Digital Project 1 - Counter-Indexing the “Gray Zone”: N-grams and Semantic Triplets

Focusing on a single testimony from Boder’s archive, this project discusses the limits of topical indexing (the manifest, factual content of what was said) and shows how such indexing systems obscure what Primo Levi would later call “the gray zone” — namely, those spaces of complexity and ambiguity that blur moral clarity. In this project, we model two computational approaches to counter-indexing testimonies, both of which are text immanent, as they are derived directly from sets of words in the transcripts rather than from a secondary scaffolding meant to summarize experiences or enumerate keywords. The first approach uses n-grams to identify the frequency of recurring semantic phrases in the narrative; the second approach uses semantic triplets to index and visualize expressions of agency (reports of who did what to whom).

1. Boder’s indexing keywords

Developed by Lizhou Fan

Frequency of Boder’s indexing keywords by number of testimonies and occurrences. Data source: David Boder, Topical Autobiographies (1957), UCLA Young Research Library Special Collections.


2. Keyword density in Boder’s 70 indexed testimonies

Developed by Lizhou Fan

Indexing ratios for 70 interviews in Topical Autobiographies. Count is the number of indexing terms. The ratio is count divided by total words in the testimony. Data source: David Boder, Topical Autobiographies (1957), UCLA Young Research Library Special Collections.


3. Transcript of Boder’s interview with Abraham Kimmelmann

Developed by Anna Bonazzi

The original XML encoding was done by the Illinois Institute of Technology (Voices of the Holocaust, Paul V. Galvin Library), and we expanded it with additional mark-up detailing each line’s speaker, language, and speaking cadence (dialogue speed). The English translation was done by Boder and includes editing by the IIT team. To identify the different languages used across Boder’s corpus line-by-line, two Python packages were used: TextBlob for lines below 11 characters (high accuracy but daily usage limitations) and langdetect for all other lines (high accuracy but only on longer strings; no usage limitations). As Boder’s interviews are highly multilingual, it was important to label the languages used in every line.

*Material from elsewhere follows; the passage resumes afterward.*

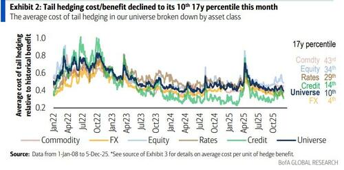 Overall, with the average cost of tail hedging at its 10th 17-year percentile, BofA believes it’s a timely opportunity to lock in cheap protection while staying invested into year-end.

4. Boder’s keyword-based indexing of Kimmelmann’s testimony

Developed by Anna Bonazzi

Data source: David Boder, Topical Autobiographies (1957), UCLA Young Research Library Special Collections.


5. N-gram-based indexing of Kimmelmann’s testimony

Developed by Anna Bonazzi

Data source: Voices of the Holocaust (Paul V. Galvin Library, Illinois Institute of Technology).


6. N-gram-based, experimental indexing of Boder’s corpus

Developed by Lizhou Fan and Anna Bonazzi

This visualizations shows a potential index of contents for the German- and English-language interviews in Boder’s corpus. The contents are defined based on the topics indicated by frequent N-grams, manually grouped and labeled into categories. The visualization shows when a certain topic appears in each interview (for example at the beginning, halfway through, at the end). The duration of interviews was normalized by percentage.

Data sources: Voices of the Holocaust (Paul V. Galvin Library, Illinois Institute of Technology) and David Boder, Topical Autobiographies (1957), UCLA Young Research Library Special Collections.


7. Triplets from Kimmelmann’s testimony

Developed by Lizhou Fan and Todd Presner

This spreadsheet provides a list of semantic triplets, or subject-relation-object structures, extracted algorithmically from Boder’s interview with Abraham Kimmelmann, to visualize various networks of action and agency that appear in Kimmelmann’s testimony. Built off of SpaCy’s natural language processing methodology, about 2,500 triplets were extracted from Kimmelmann’s 128-page testimony in Topical Autobiographies (translated into English by David Boder). Our algorithm characterized the triplets according to the type of speech employed: active speech, passive speech, coerced actions, speculative speech, evaluations, and orientation. Corrections were made to the outputs in reference to the German original (including pronoun disambiguation and clarification of agents) as well as grammatical correction or completion of the triplets.

Data sources: Voices of the Holocaust (Paul V. Galvin Library, Illinois Institute of Technology) and David Boder, Topical Autobiographies (1957), UCLA Young Research Library Special Collections.